Anger is the doorbell chime that announces Change.
All will be well, and all will be well. And all manner of things will be well.
March 9th, 2010 at 1:34 pm
Mary @ Holy Mackerel says:
You are wonderful. I am so so so proud of you, Maggie. Cyber hugging you…
March 9th, 2010 at 5:35 pm
vodkamom says:
I am walking right along side you.
xxx
March 10th, 2010 at 5:32 pm
Missives From Suburbia says:
It’s scary when things coming together are scarier than when they’re falling apart.
Did that make any sense?
March 11th, 2010 at 4:24 pm
Elisa @ Globetrotting in Heels says:
I too have never understood how I could be a Virgo. What about the mess? Ah, but the control-freak, the organizing, the need to have some things *just so*. that’s not OCD, that’s the Virgo in me coming out.
I wish she was strong enough to also make me a domestic goddess. Or at least less messy.
March 12th, 2010 at 6:08 am
Julie says:
Hey There! Well, it’s been over a month since my last drink. I waver between irrational anger and clairvoyance. I think my eyes are clearer, but introspection is not so easy all the time. See you Sunday!
March 15th, 2010 at 10:02 am
heidi says:
Have I told you that you’re awesome? You’re awesome.
March 15th, 2010 at 11:19 am
Kelli says:
Your strength & your honesty continue to amaze me. YOU amaze me. Keep doing what you’re doing, keep writing, keep sharing.
K
March 16th, 2010 at 9:16 am
aging diva says:
Maggie,
It was your blog, and the new “Violence Unsilenced” that had me begin a blog of my own for the purpose of healing from domestic violence. Before I published the blog, I sent out a message to all of my family members explaining the blog and its purpose. I said that, if any one of them objected to their first names being used, I would use fake names. No one replied. Once the blog was up, it didn’t take long to see how quickly people become defensive. Still, none of them are asking me to make changes, because, as they say, all I’ve done is told the truth. And there’s something about putting it in writing without censoring that just cuts to the chase. Like you said, feels clean. So thank you.
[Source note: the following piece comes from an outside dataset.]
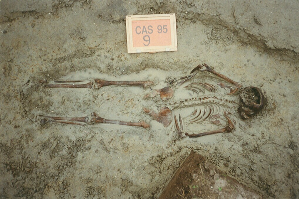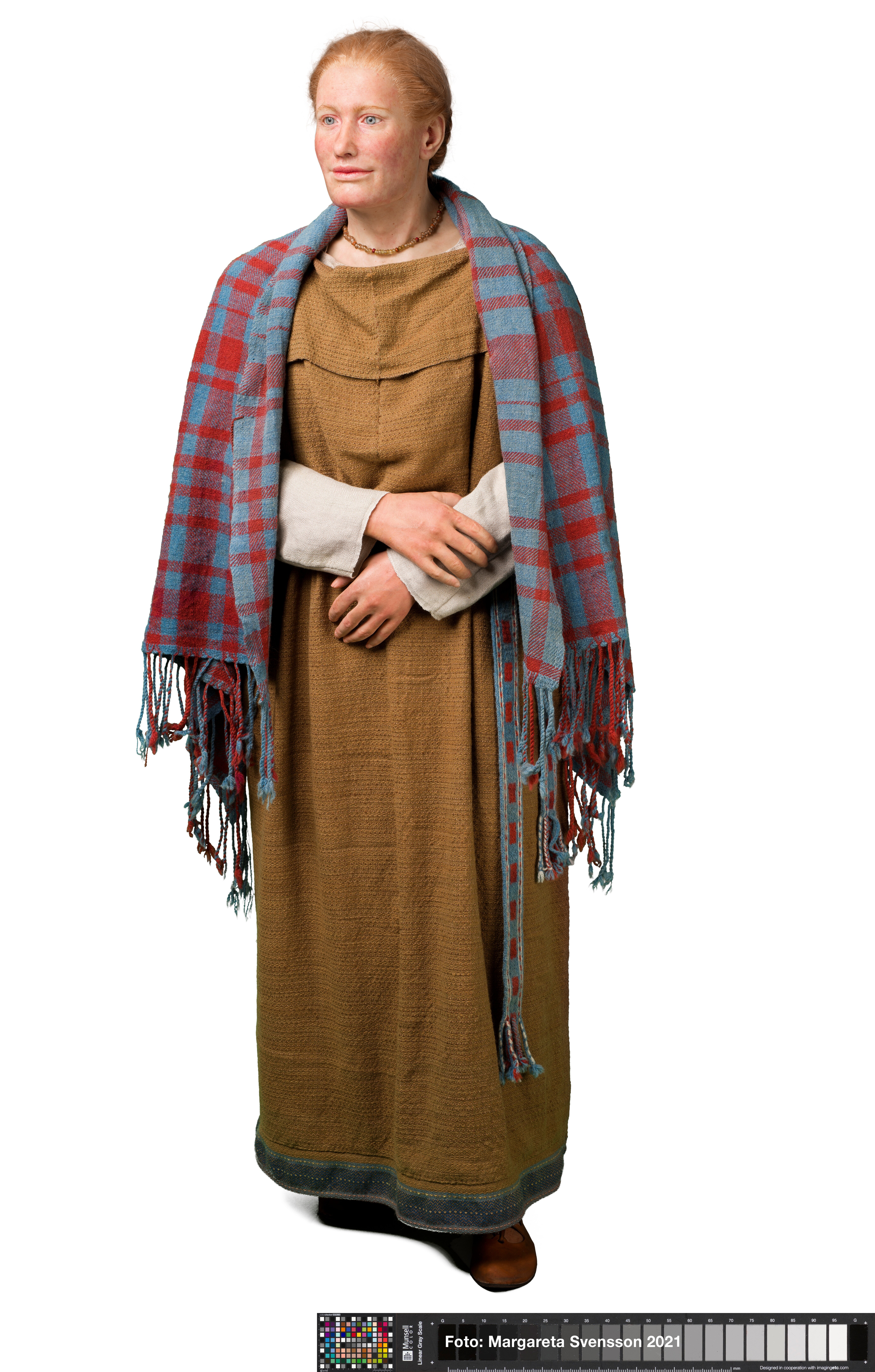 Reconstructie van een Germaanse vrouw, ca 25-30 jaar oud, op basis van het gevonden skelet.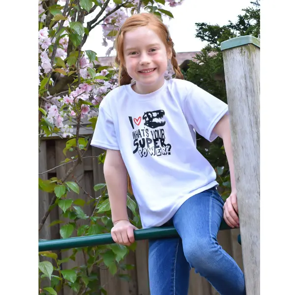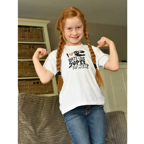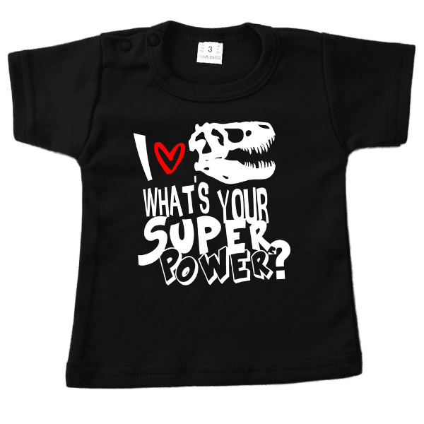 - kinder tshirt Dino skelet -i love dinosaurs what’s your superpower

I’m confused as to whether this blog is still active (if so, I want to follow you), and would love to put a link on my blog to “Violence Unsilenced” with your permission.
March 23rd, 2010 at 11:07 pm
Tricia (irishsamom) says:
Maggie, you could have written this post for me. You have an amazing ability to be honest in an amazingly universal language, particularly the language of women who have been hurt, or bruised, or who somehow felt the need to suppress their true natures and who they were because that made someone else happy. My journey is so close to yours, yet so different, but I can relate to you as if though we are sitting in a room sharing coffee and our hearts. Never stop writing from your heart, because it is just that that reaches people who need to be reached.
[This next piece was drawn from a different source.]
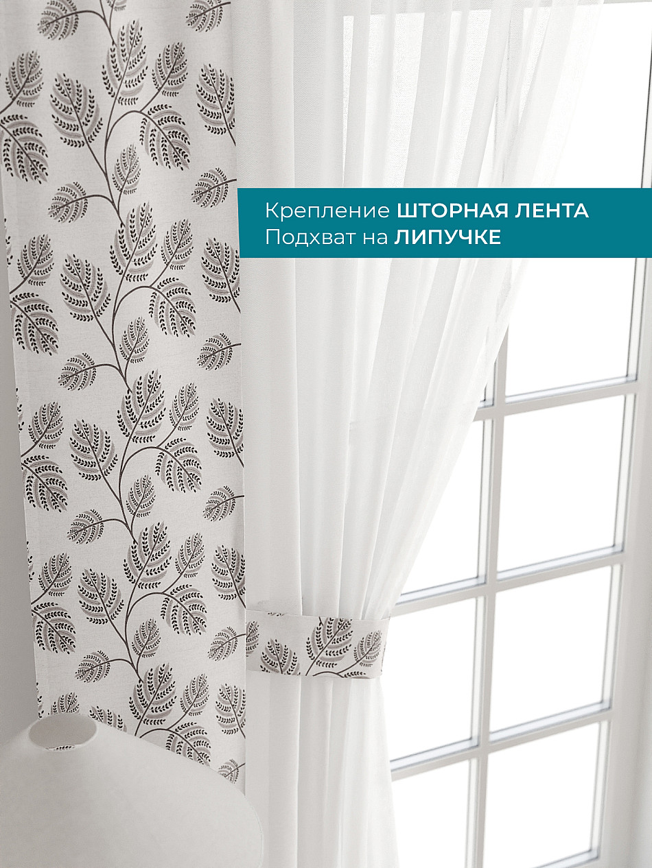 Декоративные подхваты 38х260 см — 2 шт.; Тюль 150х260 см — 2 шт. ( Изменить высоту) Крепление: шторная лента (крючки), кулиска Подробнее

The rest – the naysayers? I too have learnt to leave them behind, or leave them behind as much as my sensitive soul allows them to. It’s definitely a learning process for me. But, as your Violence Unsilenced Blog allows, once you can tell the truth, YOUR truth, the need to keep telling it becomes a deep longing and not telling it is too painful. You have no idea how much you have helped this one woman, without even ever having met me. And if writing about something that is unpalatable for the rest of the world, if owning it and being brave enough to take it’s darkness into the light and exposing it is too much for others – you are so right – that is their own issue, not yours. It’s liberating to become yourself. I’ve been on a long,slow painful journey these past three or four years and it’s been very lonely at times, but I couldn’t turn back now.
Thank you for being you. My blog is small and has none of the eloquence of your wonderful words, but writing it, owning it, whatever that it is for me at the moment, is empowering to me, and I’ve discovered is empowering to others too – other women who are facing the same challenges.
I hope one day to meet you in person. You so inspire me. Keep growing. Keep walking. I am proud to know you.